### What the exercise asks
Starting with the first line of the material, reproduce exactly each line up to and including the one that contains "In vitro root", leaving out every picture.

### Records for the exercise
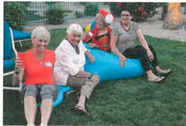
Girls just want to have fun
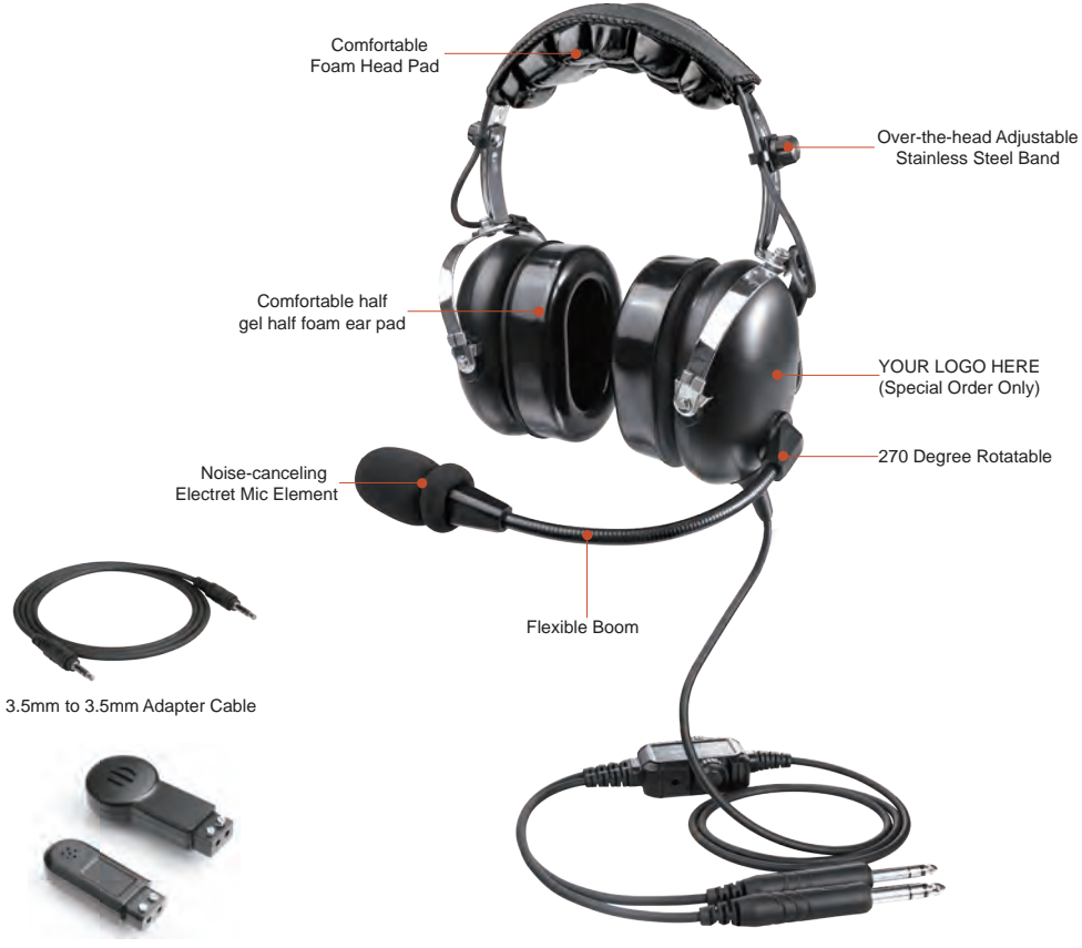
Dynamic or Electret Microphone for Flexible Boom

Flexible Boom for Perfect Microphone Placement
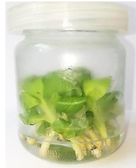
Figure 2: Shoot cuttings subjected to 0.1 mg/l IBA for 24 hours in closed jar to induce root formation ( ex vitro hydroponic procedure).

In vitro root formation procedure was carried out on half strength MS medium containing 1 mg/l IBA and 15 g/l sucrose for 3 weeks. Under these conditions, all shoot cuttings showed extensive root formation that was necessary to carry out acclimatization procedures.
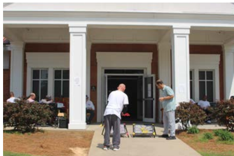
Despite not being able to leave campus for outings or recreational events, individuals at Fairview on campus managed to enjoy the fresh air and sunshine while playing a game in front of their building.
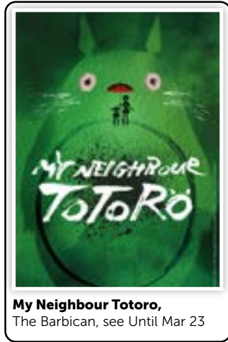
My Neighbour Totoro, The Barbican, see Until Mar 23

Kid Carpet wants to win the Garden contest. The Noisy Animals really want to run a garden centre. Nothing could possibly go wrong. With catchy songs and puppetry. 11am, 2pm, 3-8 . artsdepot, N12 OGA. From £12 www.artsdepot.co.uk
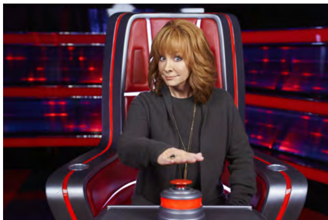
Reba McEntire.

Reba McEntire will bring her decades of experience from her iconic career to NBC's The Voice , stepping in as a coach for season 24.
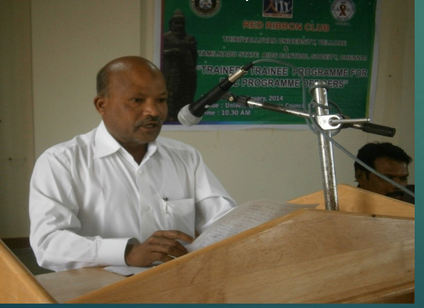
e person address on HIV/AIDS impact in the society
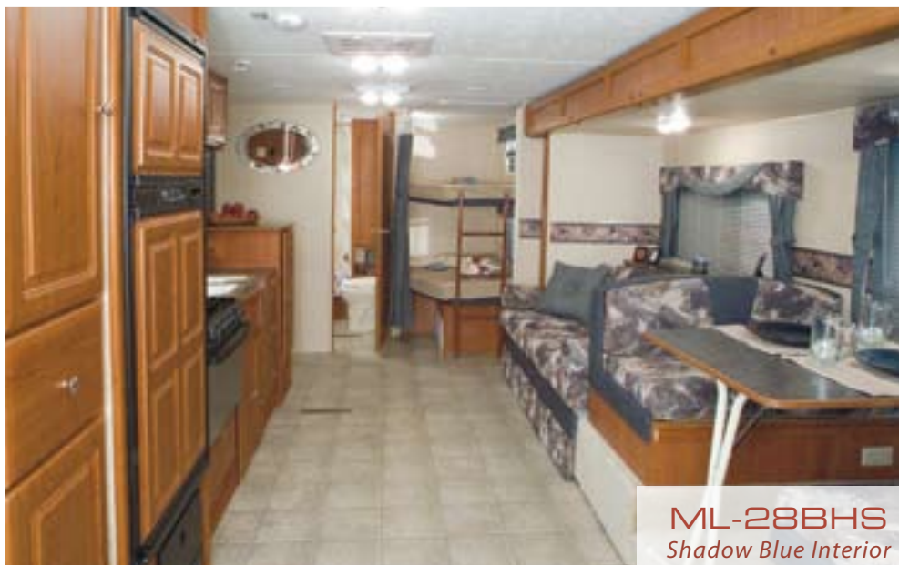
ML-28BHS Shadow Blue Interior
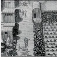
Bry, Theodor de. "[Village of Secotan.]" Print. [1590.] From Library of Congress Prints & Photographs Online Catalog.

http://loc.gov/pictures/item/2001695723/
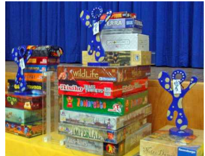
The trophies and prizes on display
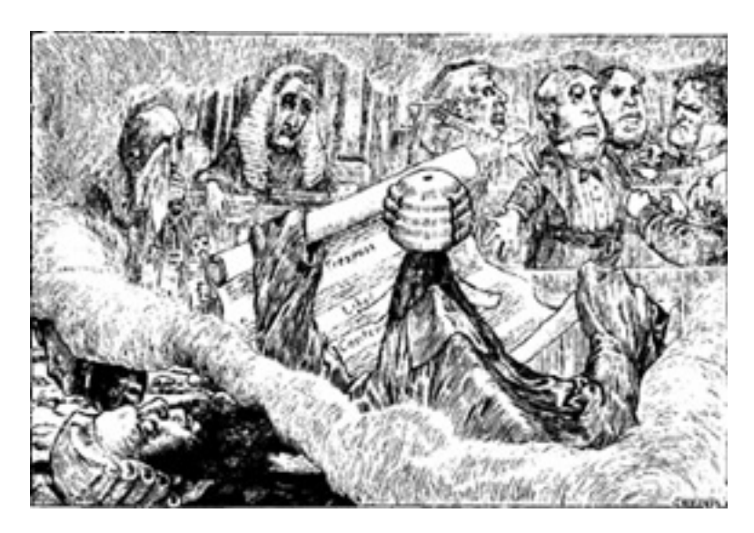
"You must know——" said the Judge: but the Snark exclaimed, "Fudge!"

"You must know——" said the Judge: but the Snark exclaimed "Fudge!"

### Answer to the exercise
Girls just want to have fun
Dynamic or Electret Microphone for Flexible Boom

Flexible Boom for Perfect Microphone Placement
Figure 2: Shoot cuttings subjected to 0.1 mg/l IBA for 24 hours in closed jar to induce root formation ( ex vitro hydroponic procedure).

In vitro root formation procedure was carried out on half strength MS medium containing 1 mg/l IBA and 15 g/l sucrose for 3 weeks. Under these conditions, all shoot cuttings showed extensive root formation that was necessary to carry out acclimatization procedures.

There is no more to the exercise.